◆ EXERCISE BRIEF
The expected output is every record below, transcribed exactly, with the pictures left out.

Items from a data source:
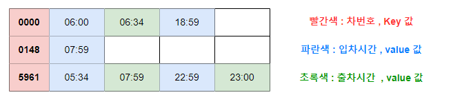 먼저 records[ ] 에서 차번호만 Arraylist 1에 담아 차번호순으로 정렬을 해놓는다. 그리고 HashMap<String, ArrayList<String>> 에 records[ ] 의 차번호를 key값, 출입시간을 value( Arraylist ) 에 담는다. 이 때 IN , OUT는 신경쓰지 않는다. HashMap<String, ArrayList<String>> 의 ArrayList에 짝수인덱스 ( arr[0] , arr[2] ... )은 입차시간 기록이고
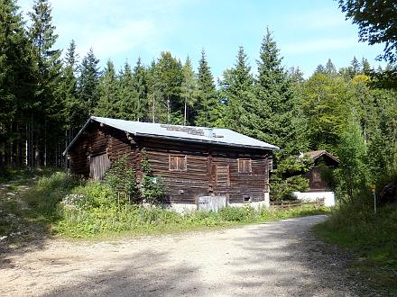 Ca. 1100m Strecke und fast 100 Höhenmeter sind es zur Klammalm - dem nächsten markanten Wegpunkt (bei R136). Auch die Klammalm bietet keine Einkehrmöglichkeit. Wir folgen weiter dem Waldweg und erreichen nach wenigen Schritten den Scheitelpunkt unseres ersten Wanderabschnitts auf ca. 1160m Höhe. Von hier aus geht es jetzt erst mal wieder 60 Höhenmeter abwärts. Die unteren 20 Höhenmeter können wir (bei Wegpunkt R156) links über einen schmalen Waldsteig abkürzen. Allerdings ist dieser Steig nicht beschildert und schwer zu erkennen. Wer ihn mangels GPS-Gerät nicht findet, läuft einfach auf der Forststraße weiter und folgt der Ausschilderung zur Hohen Asten. Alle Wege treffen sich wieder an der Stelle, wo der Weg von der Tatzelwurmstraße herauf kommt. Weiter geht es nach Westen Richtung Hohe Asten und von hier an wieder deutlich aufwärts. Keinen halben Kilometer weiter (bei GPS Wegpunkt R169) gabelt sich dann die Forststraße ohne Beschilderung. Lediglich ein Holzpfahl mit rotem Punkt legt nahe, dass wir uns rechts aufwärts halten. 120m weiter kommen wir an eine Wegkreuzung, die ebenfalls nicht beschildert ist (R172). Rechts ginge es direkt zur Hohen Asten, wir wollen aber zuerst auf den Rehleitenkopf. Dazu gehen wir geradeaus bzw. halb links.
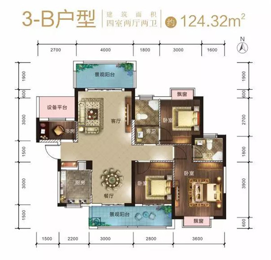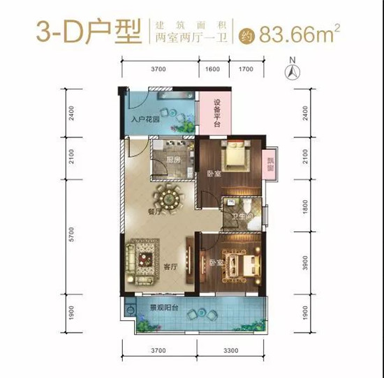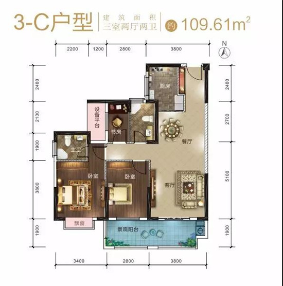 餐、客廳一體聯(lián)通南向觀景陽臺
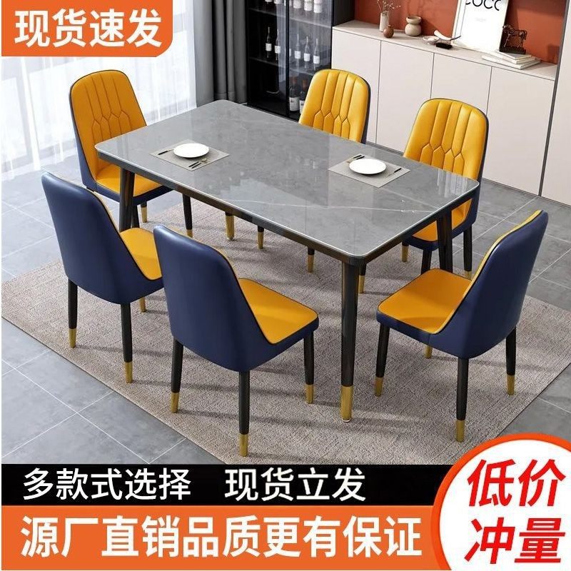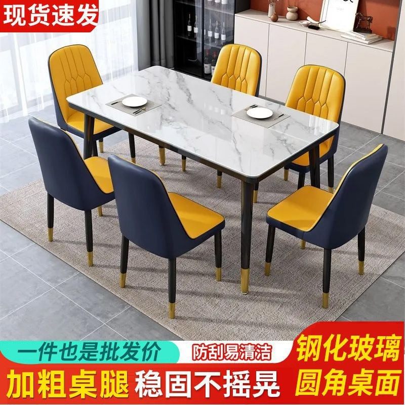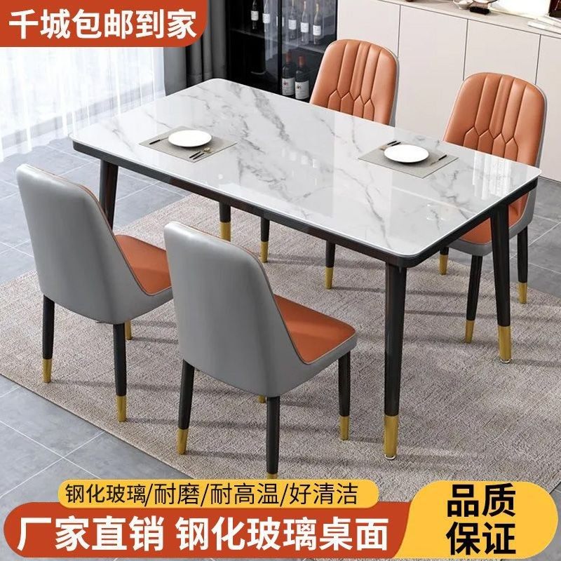 餐桌家用小户型现代简约岩板餐桌耐用长方形玻璃吃饭桌餐桌椅组合
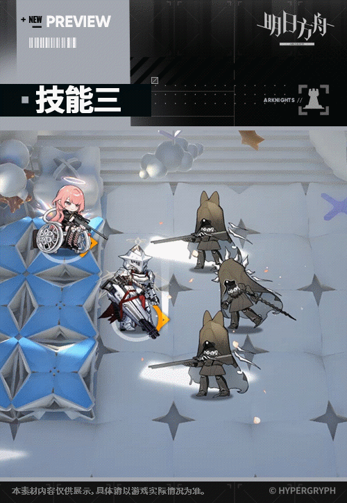 三技能很有說法,方舟第一個彈藥拐,是一個不錯的技能,能給拉特蘭幹員補充彈藥,新約能天使,蕾繆安,聖葬都能喫到該效果,(順帶一提不是無限補充最多補充目標子彈上限彈藥量)全面提升生命值攻擊力防禦力,輸出方面由於攻擊方式改爲受到攻擊反擊,那打龐貝就是好手了。
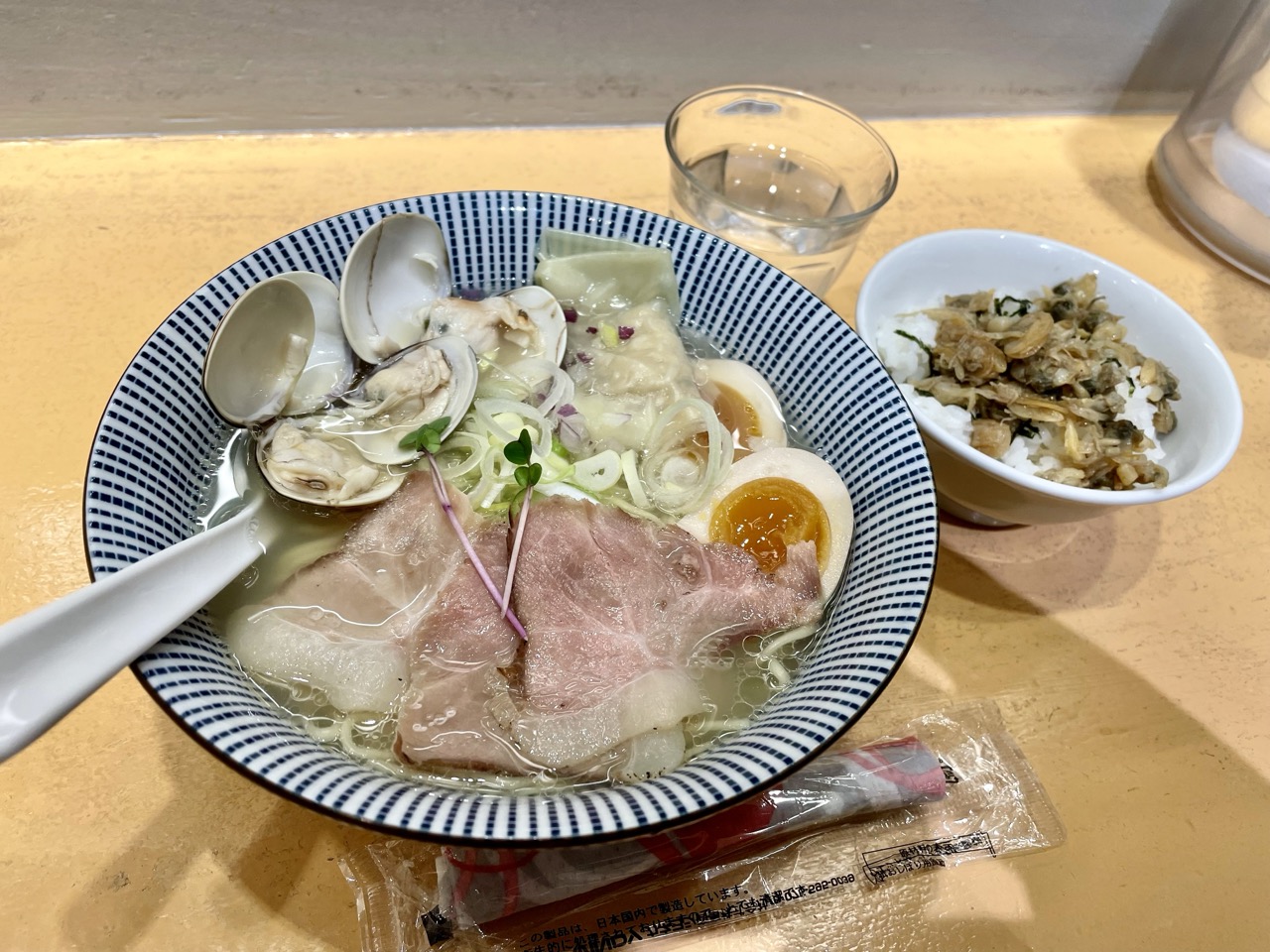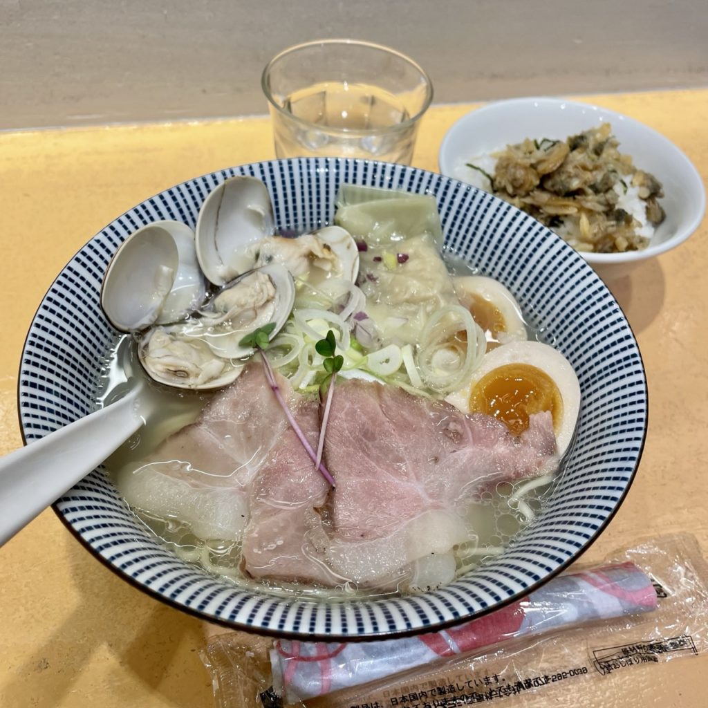 メニューは貝白湯の貝だし麺、貝出汁と牛の中華そば、はまぐり出汁の蛤らぁ麺。

◆ TASK OUTPUT
 먼저 records[ ] 에서 차번호만 Arraylist 1에 담아 차번호순으로 정렬을 해놓는다. 그리고 HashMap<String, ArrayList<String>> 에 records[ ] 의 차번호를 key값, 출입시간을 value( Arraylist ) 에 담는다. 이 때 IN , OUT는 신경쓰지 않는다. HashMap<String, ArrayList<String>> 의 ArrayList에 짝수인덱스 ( arr[0] , arr[2] ... )은 입차시간 기록이고
 Ca. 1100m Strecke und fast 100 Höhenmeter sind es zur Klammalm - dem nächsten markanten Wegpunkt (bei R136). Auch die Klammalm bietet keine Einkehrmöglichkeit. Wir folgen weiter dem Waldweg und erreichen nach wenigen Schritten den Scheitelpunkt unseres ersten Wanderabschnitts auf ca. 1160m Höhe. Von hier aus geht es jetzt erst mal wieder 60 Höhenmeter abwärts. Die unteren 20 Höhenmeter können wir (bei Wegpunkt R156) links über einen schmalen Waldsteig abkürzen. Allerdings ist dieser Steig nicht beschildert und schwer zu erkennen. Wer ihn mangels GPS-Gerät nicht findet, läuft einfach auf der Forststraße weiter und folgt der Ausschilderung zur Hohen Asten. Alle Wege treffen sich wieder an der Stelle, wo der Weg von der Tatzelwurmstraße herauf kommt. Weiter geht es nach Westen Richtung Hohe Asten und von hier an wieder deutlich aufwärts. Keinen halben Kilometer weiter (bei GPS Wegpunkt R169) gabelt sich dann die Forststraße ohne Beschilderung. Lediglich ein Holzpfahl mit rotem Punkt legt nahe, dass wir uns rechts aufwärts halten. 120m weiter kommen wir an eine Wegkreuzung, die ebenfalls nicht beschildert ist (R172). Rechts ginge es direkt zur Hohen Asten, wir wollen aber zuerst auf den Rehleitenkopf. Dazu gehen wir geradeaus bzw. halb links.
 餐、客廳一體聯(lián)通南向觀景陽臺
 餐桌家用小户型现代简约岩板餐桌耐用长方形玻璃吃饭桌餐桌椅组合
 三技能很有說法,方舟第一個彈藥拐,是一個不錯的技能,能給拉特蘭幹員補充彈藥,新約能天使,蕾繆安,聖葬都能喫到該效果,(順帶一提不是無限補充最多補充目標子彈上限彈藥量)全面提升生命值攻擊力防禦力,輸出方面由於攻擊方式改爲受到攻擊反擊,那打龐貝就是好手了。
 メニューは貝白湯の貝だし麺、貝出汁と牛の中華そば、はまぐり出汁の蛤らぁ麺。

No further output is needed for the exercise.